Carmen - posted on 11/14/2013 ( 5 moms have responded )




She intercepts his messages and calls when I want to discuss our children she tells him what he is going to do with his paycheck. When I need so much stuff for the kids now she decides to put stuff in layaway for the kids. He is letting this girl control everything I can't even call and talk to him because she is right there shadowing his phone calls saying no you can't do this or no you can't do that. It is driving me crazy. My kids dad has kids with another woman as well but their kids are older and they haven't been together for years. And the new girlfriend doesn't pull this stuff with the other kids mom just me. Me and my kids dad have a baby that will be here next month and we have a two year old son. Also we have been on and off for 9 years the new woman has only been in the picture for 8 months! Now he has tried to cheat and even leave her for me in that 8 months but she found out and they have broke up behind him still wanting me on numerous occasions. But she took him back again after i told him I didn't want to be with him anymore! Could this be why she acts this way with me and what can I do, because I can't even discuss anything with him without her in our business...


Jodi - posted on 11/14/2013




Carmen, do you have a child support case? Because if you don't, you need to get one. This is how you get stuff for your kids, not relying on his paycheck. You shouldn't have to call him to ask for money at all.

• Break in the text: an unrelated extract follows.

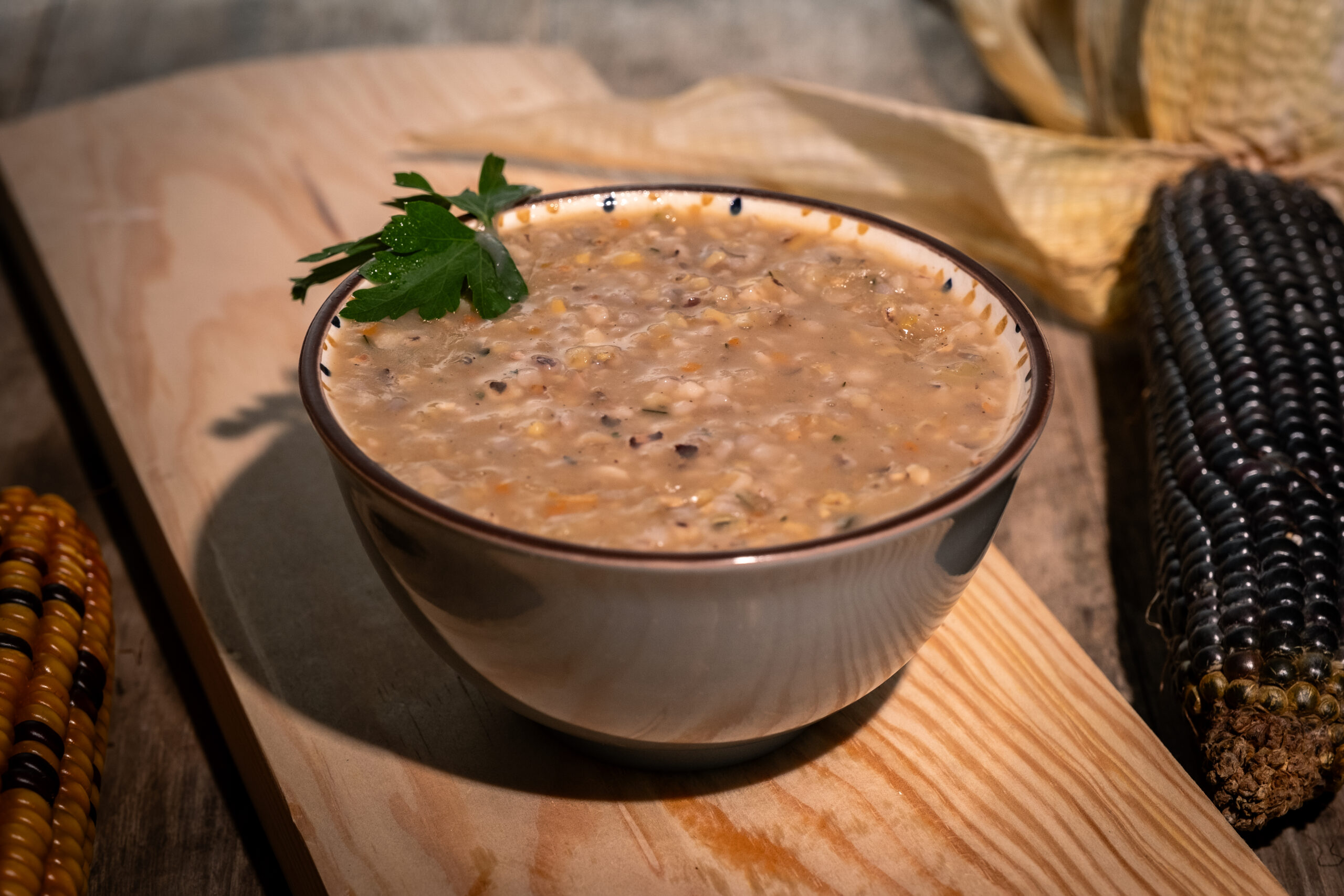 Bulgur de maíz morado ecológico tostado Maiziam, vegetales deshidratados (cebolla, calabacín, zanahoria y puerros), almidón, aromas, proteínas de ave, jugo concentrado de zanahoria, fibra vegetal, especias y harina de maíz ecológico tostado Maiziam.

With the phone calls, tell her that you would like to speak to your ex, not her. Don't discuss it with her. Actually, you can refuse to discuss matters with her. If he wants to see the kids, he can call you. And on that note, get yourself a court order with a visitation schedule, and then it is nicely spelled out to her.


View replies by

Lacye - posted on 11/14/2013




Personally, if I heard her talking in the background, I would tell him that he needs to call you back when he can discuss things with you and you alone. You don't have to go through her just to get things done.

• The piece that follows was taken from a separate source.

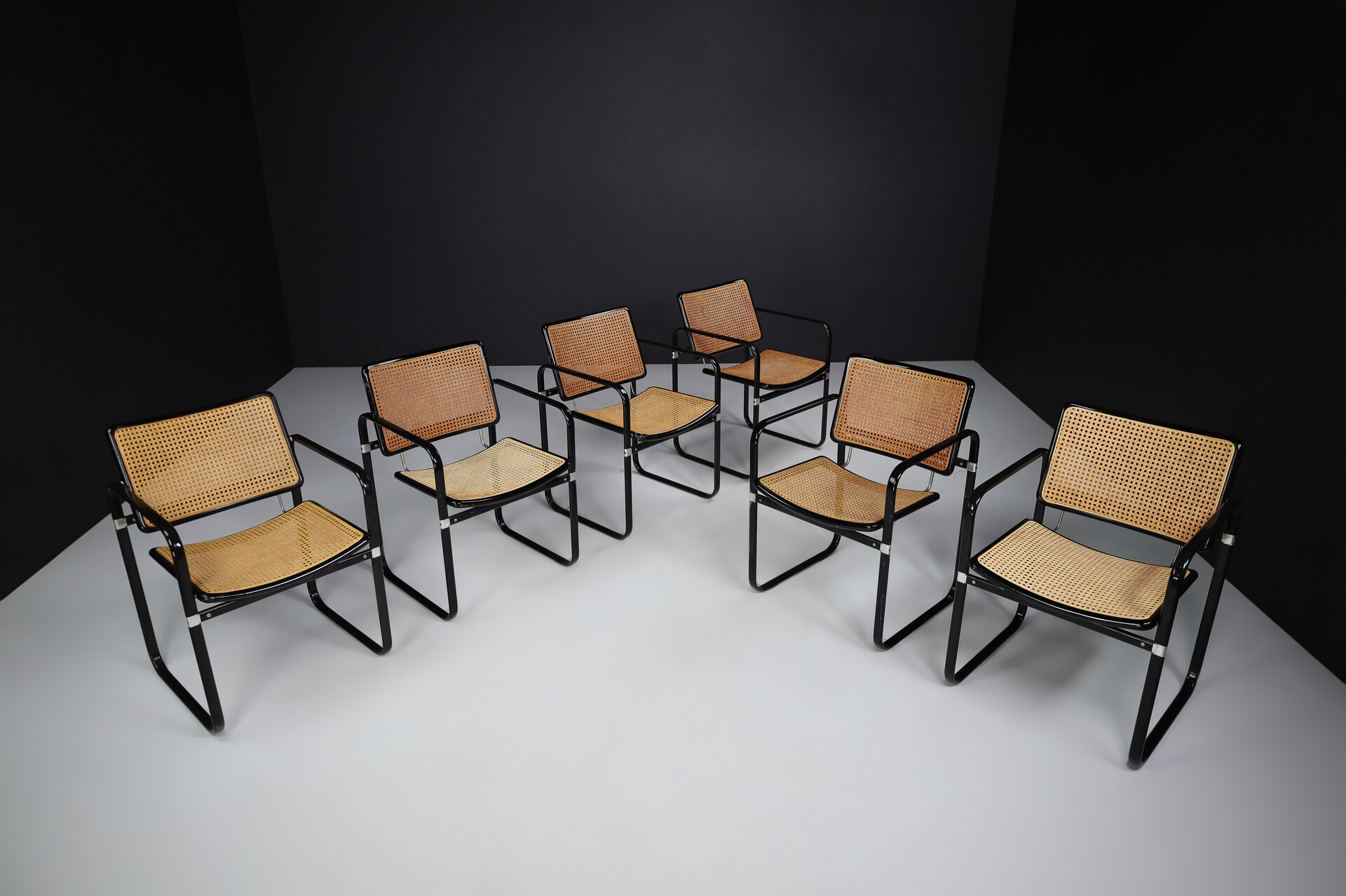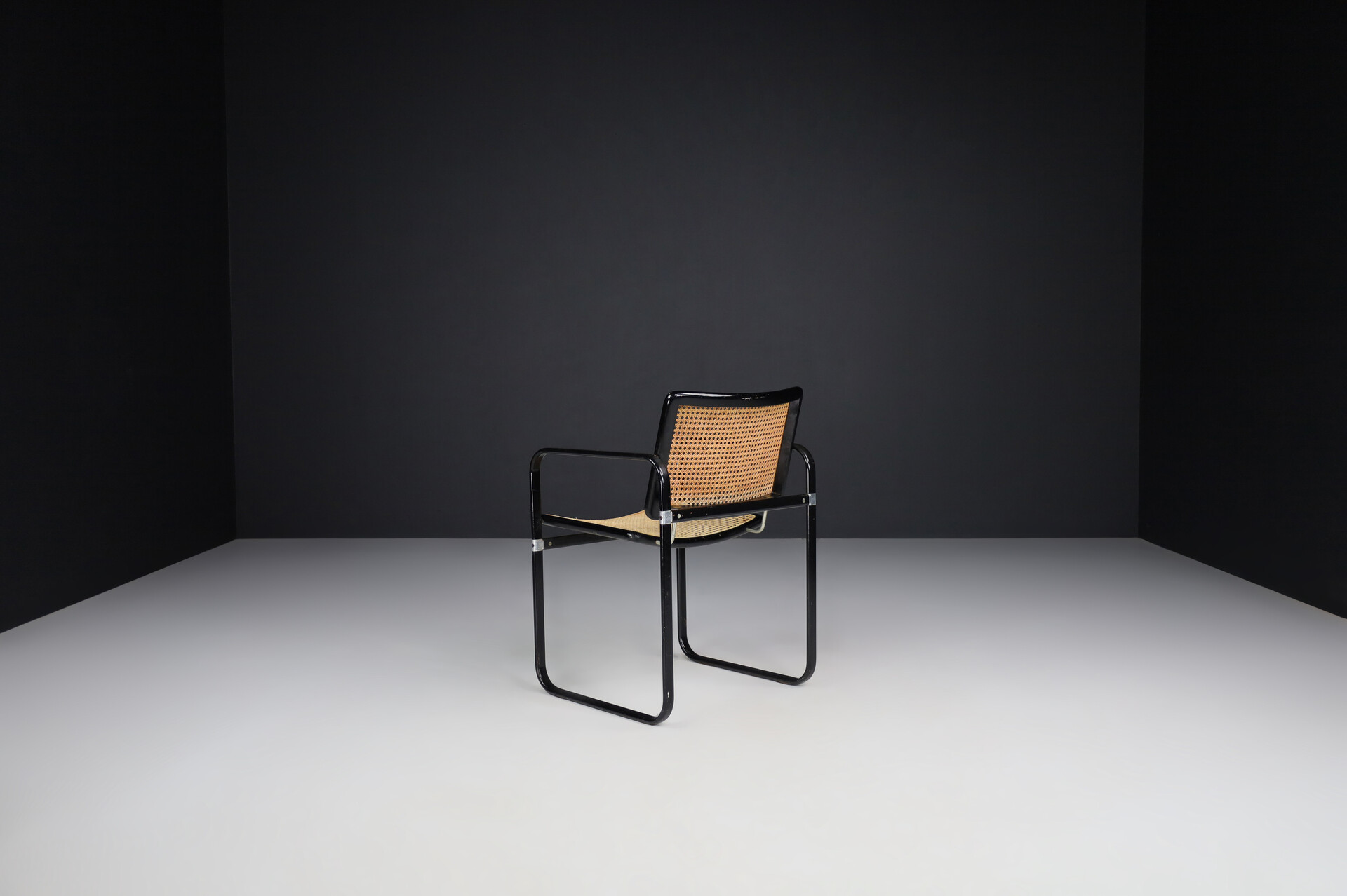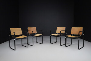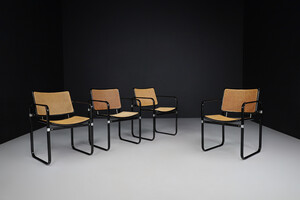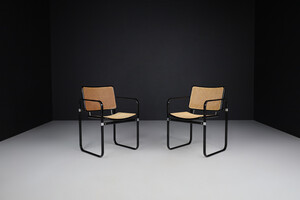 Modern Metal and cane armchairs, Italy 1980s, Late-20th century, in good condition, for sale in Seating, Armchairs & Lounge chairs | Davidowski

But Jodi and Shawnn are right. You need to go and have a custody agreement and child support brought up. That is the only way you are going to have any peace.

Carmen - posted on 11/14/2013




christian I wouldn't sit back and just say oh well I will deal with her, hell no! Me and him had these kids together not me and her she is just another chick that he is dating she could be in his life today and out of it tomorrow. Me and him will have these kids for the rest of our lives and she is just going to have to deal with the fact that me and him have to communicate and we have a new born that will be here next month. I just really wanted advice on how to talk and discuss our children without her all in his ear or giving her opinion on something that really has nothing to do with her....

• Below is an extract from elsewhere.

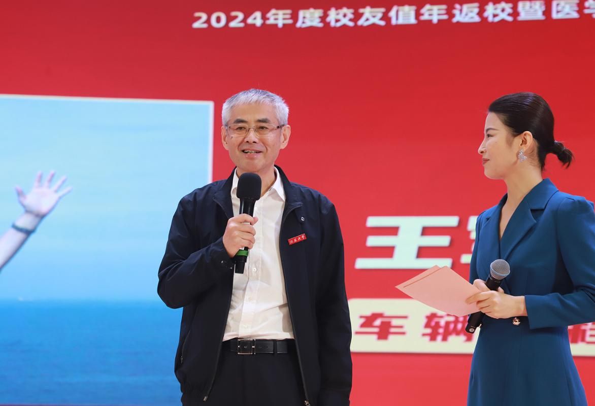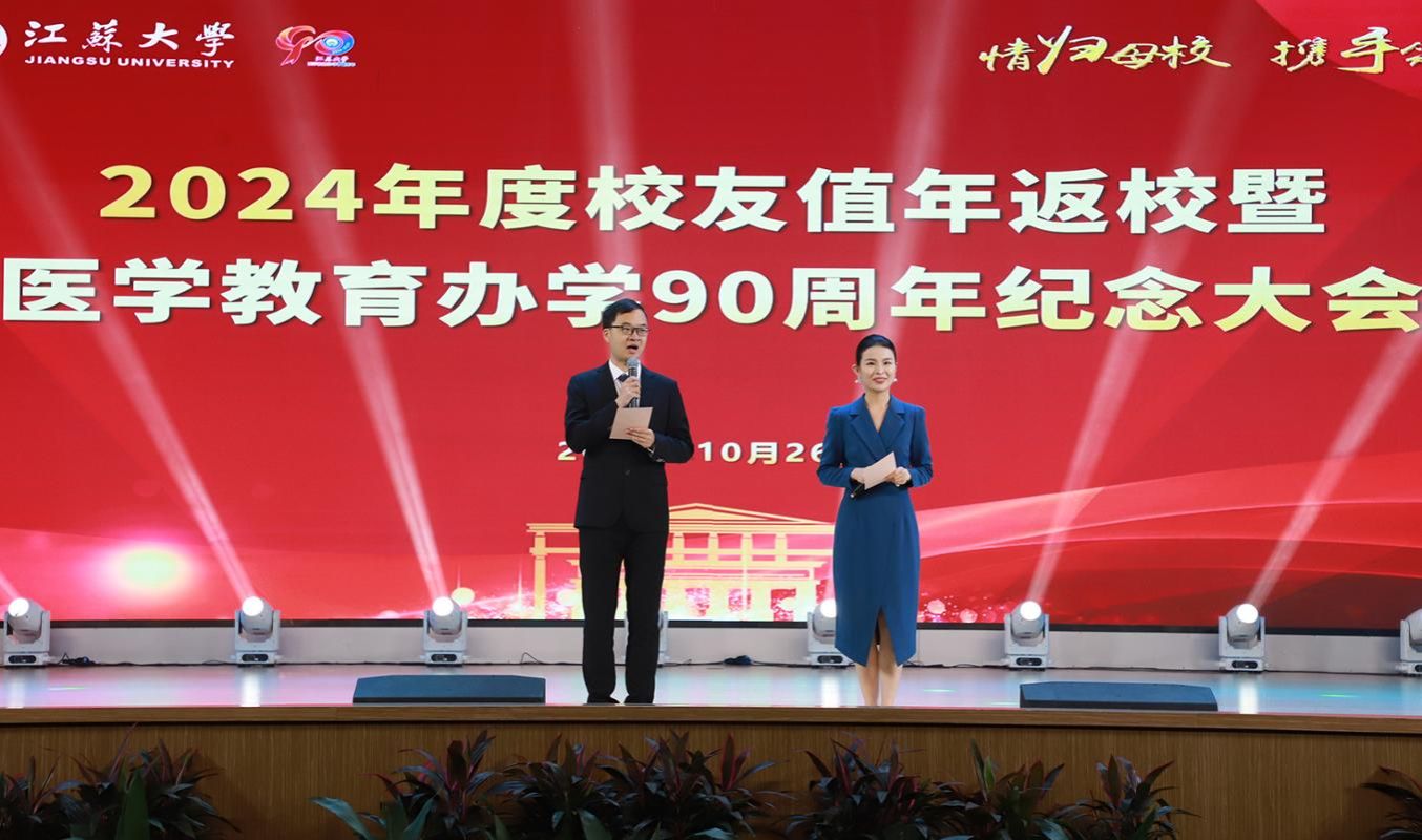 校长邢卫红,校党委副书记张济建,校党委常委、副校长邹小波,校党委常委、副校长蔡英凤,校党委原副书记、纪委原书记曹友清,校关工委常务副主任、纪委原书记柴顺根,原副校长宋余庆,原镇江医学院副院长仇锦波,徐州医科大学党委常委、副校长刘慎军,南京鼓楼医院国家区域医疗中心主任、安徽医科大学第二附属医院院长孙凌云,江苏省铸造学会理事长陆文龙,江苏卫生健康职业学院院长邵海亚,无锡卫生高等职业技术学校校长陈道桢,汽车84届校友、40周年值年返校代表王军华,宁波海尔施生物医药有限公司副总裁、医学检验94届校友、30周年值年返校代表王子瑜,镇江市优秀教育工作者、镇江中学教师、数学04届校友、20周年值年返校代表谢红慧,上汽集团整车运动中心助理总工、车辆工程14届校友、10周年值年返校代表方琛,国药器械江苏医疗科技有限公司总经理夏夺广,乐鱼官方体育网站医学院教授代表黄诒森,以及乐鱼官方体育网站校友会常务理事,乐鱼官方体育网站教育发展基金会理事、监事,学校相关部门负责人,各学院校友会会长、秘书长,乐鱼官方体育网站各附属医院、临床医学院、教学基地、合作单位的嘉宾,近300名校友等出席纪念大会。

♫ Shawnn ♪♫♫ - posted on 11/14/2013




Get an attorney, get court ordered support & visitation set up. Ask that one of the conditions be that only you and your ex may consult about the kids, and that any 3rd party that wants to be in the agreement must be approved by both you and your ex or they don't get involved.

You have every right to tell her that you will not speak to or through her about your children with your ex.

Legacyforce - posted on 11/14/2013




You need a hug, listen right now you are the enemy! If you really need something and you know right now you must go through her, either go through her are do it yourself. Why do you keep going back, he comes back because he is a man and some men just keep going back to home plate, but you that has been on second base for 9 years, you have to realize you are bigger, you are brighter, and you have moved on. Now move on, you are stressing yourself and your unborn child out, and raising a 2 year old, is he crazy and now with another women.
He doesn't know what he wants, but he do know he can come back to you!